D.   DURATION OF MEASURES

(31)

This procedure does not affect the date on which the measures imposed by the contested Regulation will expire pursuant to Article 11(2) of the basic Regulation,

HAS ADOPTED THIS REGULATION:

Article 1

1.   A definitive anti-dumping duty is hereby re-imposed on imports of ironing boards, whether or not free-standing, with or without a steam soaking and/or heating top and/or blowing top, including sleeve boards, and essential parts thereof, i.e. the legs, the top and the iron rest originating in the People’s Republic of China, currently falling within CN codes ex 3924 90 00, ex 4421 90 98, ex 7323 93 90, ex 7323 99 91, ex 7323 99 99, ex 8516 79 70 and ex 8516 90 00 (TARIC codes 3924900010, 4421909810, 7323939010, 7323999110, 7323999910, 8516797010 and 8516900051) and manufactured by Foshan Shunde Yongjian Housewares and Hardware Co. Ltd, Foshan (TARIC additional code A785).

2.   The rate of the definitive anti-dumping duty applicable to the net, free-at-Union-frontier price, before duty, shall be 18,1 %.

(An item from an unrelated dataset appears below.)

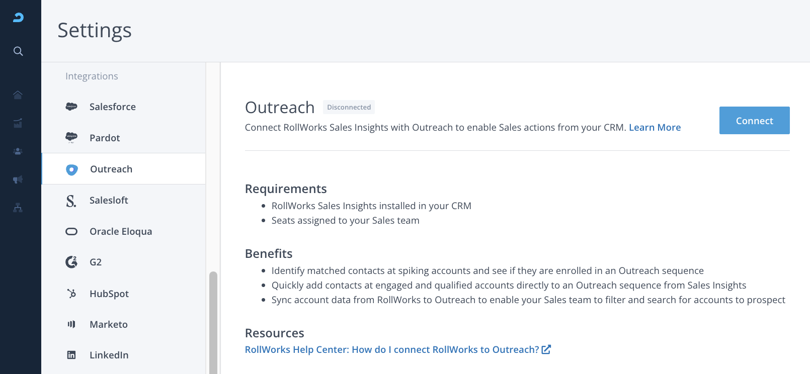 The Outreach Integration is powered by our Sales Insights feature. Before you continue connecting Outreach to the AdRoll ABM platform, you must complete the initial Sales Insights configuration with your CRM and assign at least one seat to your sales team. Choose your CRM and complete this step first:

3.   Unless otherwise specified, the provisions in force concerning customs duties shall apply.

Article 2

This Regulation shall enter into force on the day following its publication in the Official Journal of the European Union.

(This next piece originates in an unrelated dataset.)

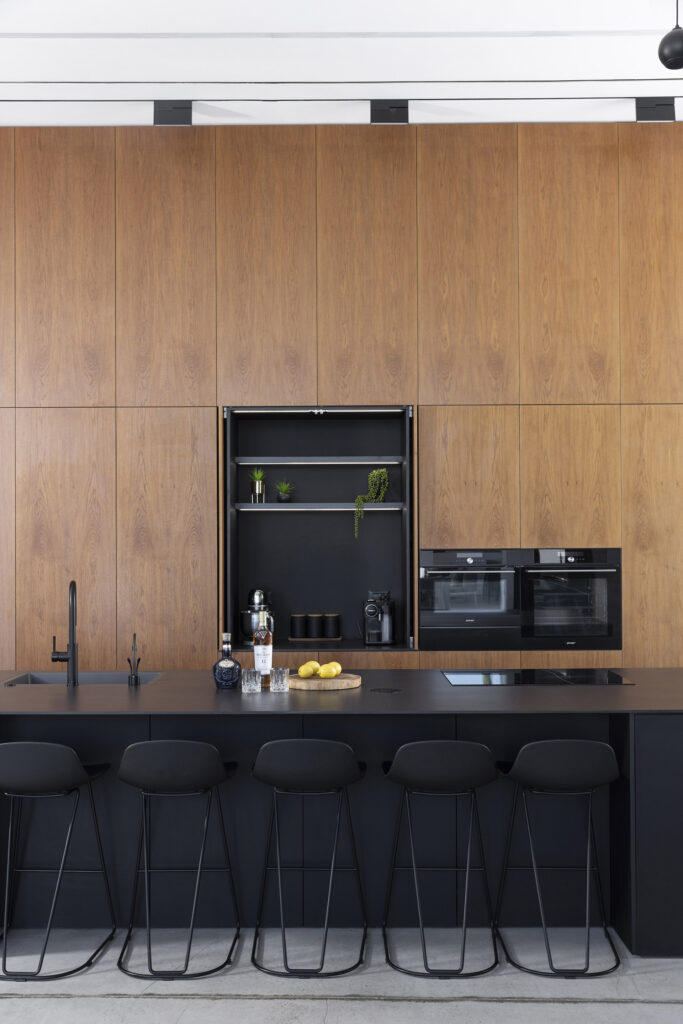 פורמייקה עמידה, זכוכית מחוסמת, קוורץ ועץ טבעי. שילוב חומרים יוצר איזון בין עיצוב לפונקציונליות.

This Regulation shall be binding in its entirety and directly applicable in all Member States.

Done at Brussels, 13 September 2010.

For the Council

The President

S. VANACKERE


(1)  OJ L 343, 22.12.2009, p. 51.

(2)  OJ L 109, 26.4.2007, p. 12.

(3)  Case T-206/07 Foshan Shunde Yongjian Housewares and Hardware v Council.

(4)  Case T-2/95 Industrie des poudres sphériques (IPS) v Council [1998] ECR II-3939.

(5)  Case C-458/98 P Industrie des poudres sphériques (IPS) v Council [2000] ECR I-08147.

(6)  OJ C 308, 18.12.2009, p. 44.

(7)  OJ L 209, 2.8.1988, p. 1.

(8)  OJ L 40, 12.2.2004, p. 11.

(9)  Joined cases T-163/94 and 165/94 NTN Corporation and Koyo Seiko Co. Ltd v Council [1995] ECR II-01381.

(10)  European Communities-Antidumping Duties on Imports of Cotton-Tyle Bed Linen from India: Recourse to Article 21.5 of the DSU by India WT/DS141/AB/RW (8 April 2003), paragraphs 82-86; Council Regulation (EC) No 1515/2001 of 23 July 2001 on the measures that may be taken by the Community following a report adopted by the WTO Dispute Settlement Body concerning anti-dumping and anti-subsidy matters (OJ L 201, 26.7.2001, p. 10); Council Regulation (EC) No 436/2004 of 8 March 2004 amending Regulation (EC) No 1784/2000 imposing a definitive anti-dumping duty and collecting definitively the provisional duty imposed on imports of certain malleable cast iron tube or pipe fittings originating in Brazil, the Czech Republic, Japan, the People’s Republic of China, the Republic of Korea and Thailand (OJ L 72, 11.3.2004, p. 15) following Reports adopted by the Dispute Settlement Body of the WTO.

(11)  Paragraph 111 of the Court of Justice judgment.